By utilizing neuro-symbolic techniques in the loop, LAM sits on the very frontier of interdisciplinary scientific research in language modeling (LM), programming languages (PL), and formal methods (FM). Traditionally, the PL/FM community has focused on symbolic techniques — solver technologies that rely on logical principles of induction, deduction, and heuristic search. While these symbolic techniques can be highly explainable and come with strong guarantees, they suffer from a scalability limit. By contrast, recent innovations in the LM community are grounded in machine learning and neural techniques: while highly scalable, they suffer from a lack of explainability and come with no guarantees of the output produced. Inspired by the success of machine learning and neural techniques, the PL/FM community has recently made waves of progress on neuro-symbolic methods: by putting together neural techniques (such as LLM) and symbolic ones, one ends up combining the best parts of both worlds, making the task of creating scalable and explainable learning agents a feasible one. Yet to date, no one has put cutting-edge neuro-symbolic techniques into production — LAM seeks to pioneer this direction.

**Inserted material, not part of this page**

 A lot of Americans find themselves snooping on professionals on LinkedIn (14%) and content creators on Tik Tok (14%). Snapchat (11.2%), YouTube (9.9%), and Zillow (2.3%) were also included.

performing actions responsibly & reliably
LAM does not live in a vacuum. In order to efficiently leverage the power of LAM to execute tasks on behalf of users on dedicated hardware, we designed new platforms to schedule and manage LAM- powered routines. In addition, LAM interacts with applications designed for humans. This means that knowing only how to perform an objective is not sufficient: LAM and their peripheral software need to know how to do it in a humanizing, respectful way. This is further broken down into several key elements, in addition to our core model development, to support our system:
early signs of LAM competitiveness in web navigation tasks
Web environments, along with mobile and desktop environments, are of interest to LAM. Additionally, the task of web navigation assesses a subset of actions that we care about. Although recent web navigation algorithms have shown human-level performance in a simulated environment (MiniWoB++), they still struggle on real websites. When tested on the MindWeb benchmark dataset, the most effective method only achieves an accuracy of 70.8% in locating the target element. Since the latency is not reported in the respective works, we have omitted the column.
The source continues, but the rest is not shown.